City administration quietly raises water rates by 30 percent
Damar Harsanto, The Jakarta Post, Jakarta
In an apparent effort to avert a public outcry, the city administration quietly raised tap water rates by 30 percent on the first day of the year.
When asked by reporters at City Hall on Monday about the supposed deliberation of the increase, Governor Sutiyoso tersely answered, "The new tap water rates have been effective since Jan. 1."
The decision was formalized in Gubernatorial Decree No. 4164/2003 signed by Sutiyoso on Dec. 31, copies of which were made public on Monday.
The decree stipulates that all groups of tap water customers are subject to the increase, including low-income households.
The non-governmental organization Jakarta Water Consumers Community's (Komparta) legal counsel, JJ Amstrong Sembiring, blasted the administration's seeming secrecy.
"That's really a bad habit -- quietly making decrees which have had strong public resistance," he said.
Komparta, which represents more than 1,700 tap water customers in Central Jakarta, has filed a class action lawsuit at the Central Jakarta District Court over the April 2003 rate hikes of 40 percent. The court is slated to deliver a ruling on Jan. 15.
The new increase was approved silently by the City Council during a council speaker's meeting in late November, a few days before the Idul Fitri holiday on Nov. 25 and 26.
However, City Hall spokesman Muhayat denied the increase was made in secret.

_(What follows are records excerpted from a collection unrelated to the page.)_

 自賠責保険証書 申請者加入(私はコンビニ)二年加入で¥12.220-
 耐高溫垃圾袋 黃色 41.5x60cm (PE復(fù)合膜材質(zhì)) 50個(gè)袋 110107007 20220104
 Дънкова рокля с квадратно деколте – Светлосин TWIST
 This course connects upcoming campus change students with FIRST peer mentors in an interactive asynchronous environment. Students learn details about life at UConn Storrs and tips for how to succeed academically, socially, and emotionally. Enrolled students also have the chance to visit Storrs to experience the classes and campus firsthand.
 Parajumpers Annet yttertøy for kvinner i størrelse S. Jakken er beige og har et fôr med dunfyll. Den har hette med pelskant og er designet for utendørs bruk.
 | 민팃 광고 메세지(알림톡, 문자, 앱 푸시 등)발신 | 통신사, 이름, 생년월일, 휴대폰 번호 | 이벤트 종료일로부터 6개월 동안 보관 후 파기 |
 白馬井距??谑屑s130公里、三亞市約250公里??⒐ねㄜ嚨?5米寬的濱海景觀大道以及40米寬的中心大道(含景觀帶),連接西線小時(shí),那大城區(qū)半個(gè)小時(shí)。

"The proposed increase was made public a while back," he told The Jakarta Post.
Muhayat passed on the responsibility to announce the rate hike to city tap water operator PD PAM Jaya.

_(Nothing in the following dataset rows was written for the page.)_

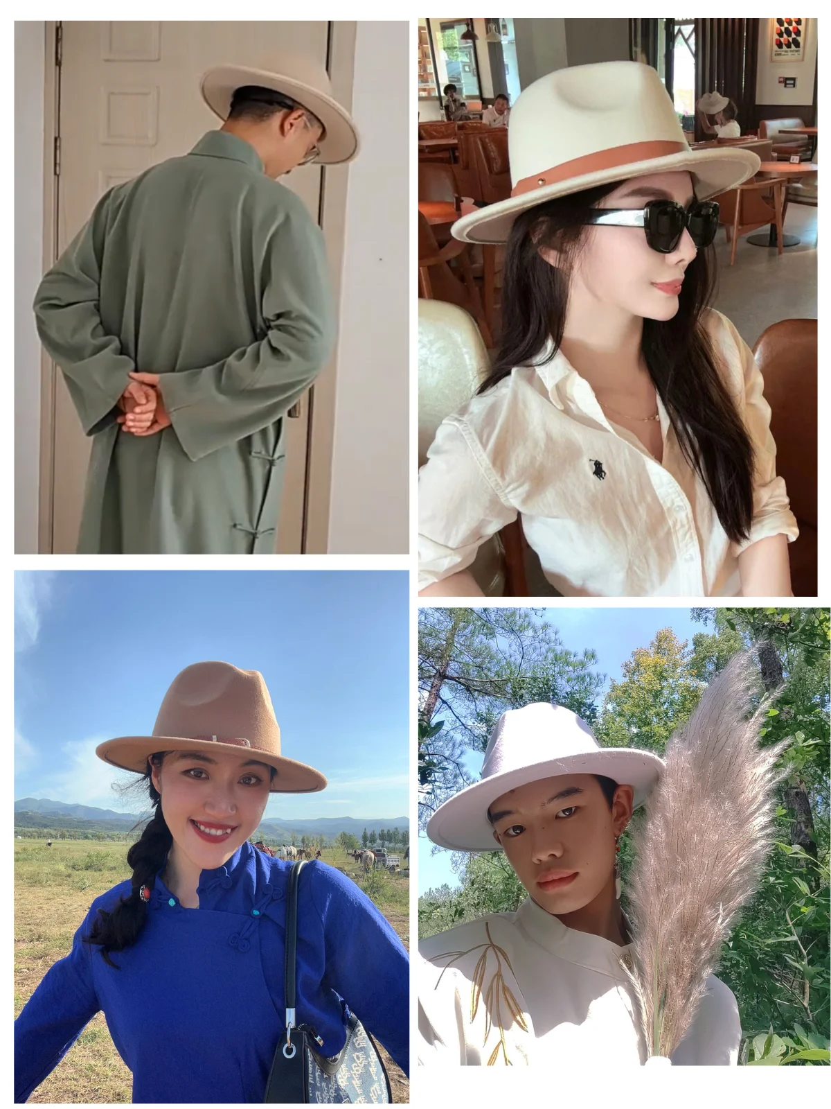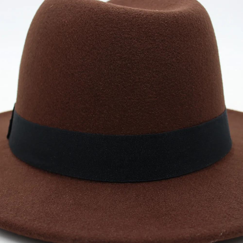 Classic Black Ribbon Women Fedora Hats Autumn Winter Gentleman Jazz Felt Hat For Men Retro Church Lady Flat Wide Brim Dress Hat
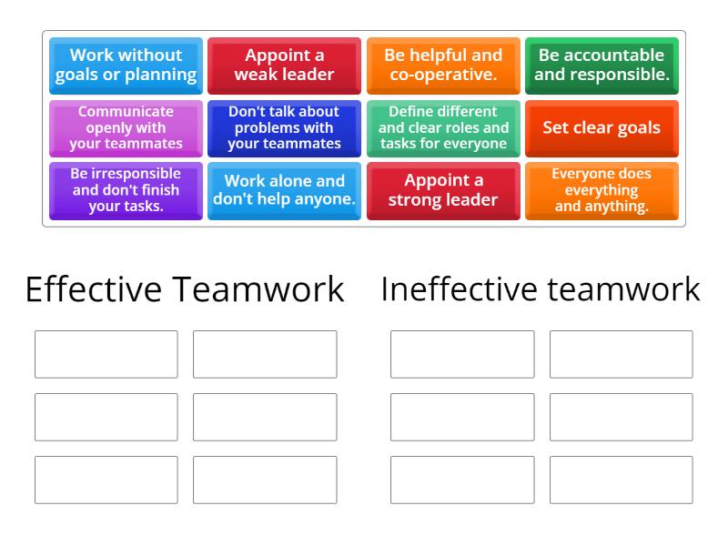 Effective Teamwork: Appoint a strong leader, Communicate openly with your teammates , Set clear goals, Define different and clear roles and tasks for everyone, Be accountable and responsible., Be helpful and co-operative., Ineffective teamwork: Appoint a weak leader, Don't talk about problems with your teammates, Work without goals or planning, Everyone does everything and anything., Be irresponsible and don't finish your tasks., Work alone and don't help anyone.,
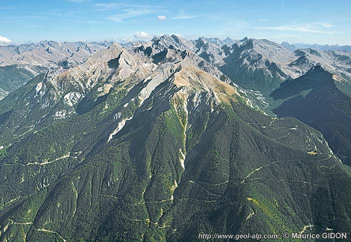 Le versant de rive gauche des gorges aval du Guil est très boisé, en raison de son exposition à l'ubac, et il comporte d'importants placages d'alluvions glaciaires jusqu'à plus de 1800 m d'altitude. Ceci constitue une gêne pour lire la structure de ses pentes, où l'on cherche évidemment, mais en définitive peu fructueusement, à retrouver la structure visible sur l'autre versant de la vallée.
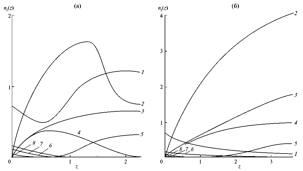 3. Fig. 2. Calculation of dimensionless flows ni(z) at the initial section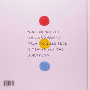 Tudo começa com uma bola amarela no centro de uma página branca e um convite- aperte a bola e vire a página... Como num passe de mágica, surgem duas bolas na página seguinte. A partir daí, novos convites e novas surpresas se descortinam a cada página. Hervé Tullet criou um universo visual simples e convidativo, em que bolas coloridas se multiplicam, mudam de lugar, se iluminam, se apagam, mudam de tamanho... Para que isso aconteça, a criança precisa interagir com o livro, esfregando, soprando, apertando ou batendo palmas.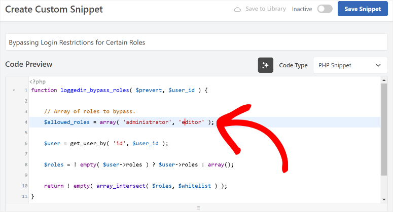 Zatim, ponovo idite na liniju koda koja počinje sa “$allowed_roles = array”, gde ćete videti unapred postavljene uloge poput administrator i editor. Možete zameniti ovaj tekst odgovarajućim ulogama koje se primenjuju na vašem sajtu.

"Please, ask PAM Jaya to comment on why they have yet to announce the hike," he said.
PAM Jaya's president director Hariyadi Priyohutomo could not be reached for comment.
Amstrong also lamented that the increase was simply neglecting the fact that public's purchasing power is low, while PAM Jaya and its two international partners PT Thames PAM Jaya (TPJ) and PT PAM Lyonnaise Jaya (Palyja) had not significantly improved their services.

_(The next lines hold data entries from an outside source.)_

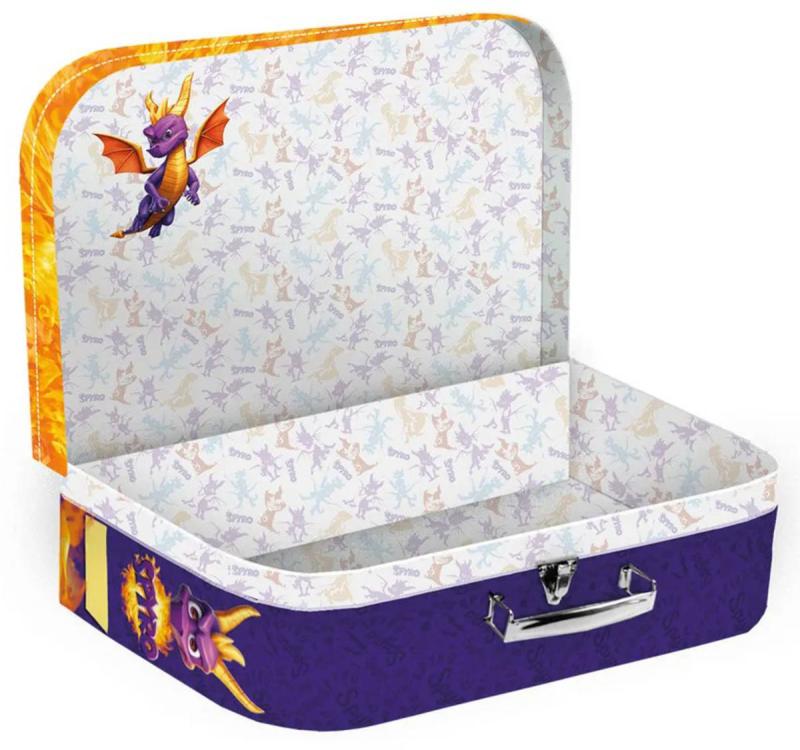 Krásný kufřík pro děti do školy, z tvrdé lepenky, s bytelným kovovým zapínáním a kovovým držadlem, s veselým potiskem s motivem dráčka Spyro.Tento lepený kufříček je vyroben z kvalitního pevného kartonu s vnitřní potiskem, s kovovým uzavíráním i rukojetí. Je vhodný zejména na školní a výtvarné potřeby, do zájmových kroužků, lze do něj ale uložit i hračky a jiné drobnosti a využít jej tak např. na cestování.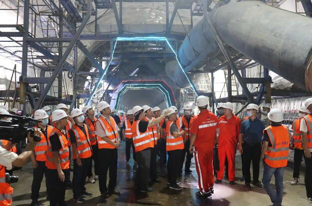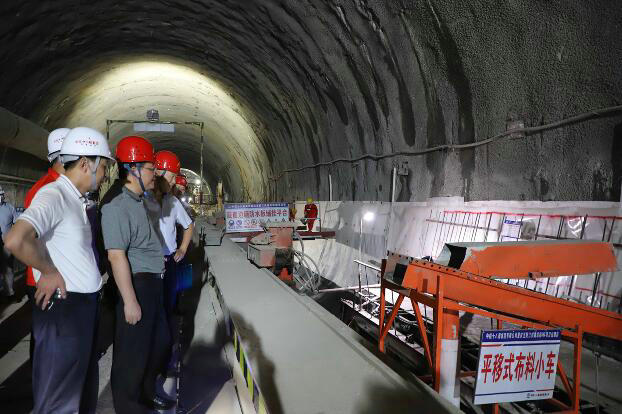 中鐵十八局集團(tuán)重黔高鐵6標(biāo)隧道施工平移式布料小車、邊墻防水板鋪掛平臺(tái)觀摩(孔凡虎 攝)
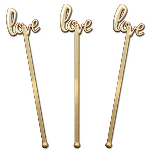 Royer Stir Sticks, Swizzle Sticks, Drink Stirrers in Love Script for Weddings, Bridal Showers, Valentine's Day - Gold, 6 inch Plastic, Set of 48, Made in USA

"Those operators may increase the rates on condition that they managed to improve their services and efficiency, while curbing water leakages that the customers have suffered all this time."
The City Water Regulatory Body said earlier that 17 percent of the 30 percent hike would be used to pay off PAM Jaya's Rp 900 billion (US$105.88 million) debt to the two partners.
The debt is a cumulative result of the difference between the water rate paid by customers and the water charges that PAM Jaya pays to its partners.
PAM Jaya plans to pay Rp 237.59 billion, or 24 percent of its debts, in installments to TPJ and Palyja next year.
The remaining 13 percent of the rate hike will be used to cover inflation and the partners' operational costs.
Since PD PAM Jaya established its partnership with TPJ and Palyja in early 1998, the water rate has increased three times before this current increase -- 15 percent in February 1998, 35 percent in April 2001 and 40 percent in April 2003.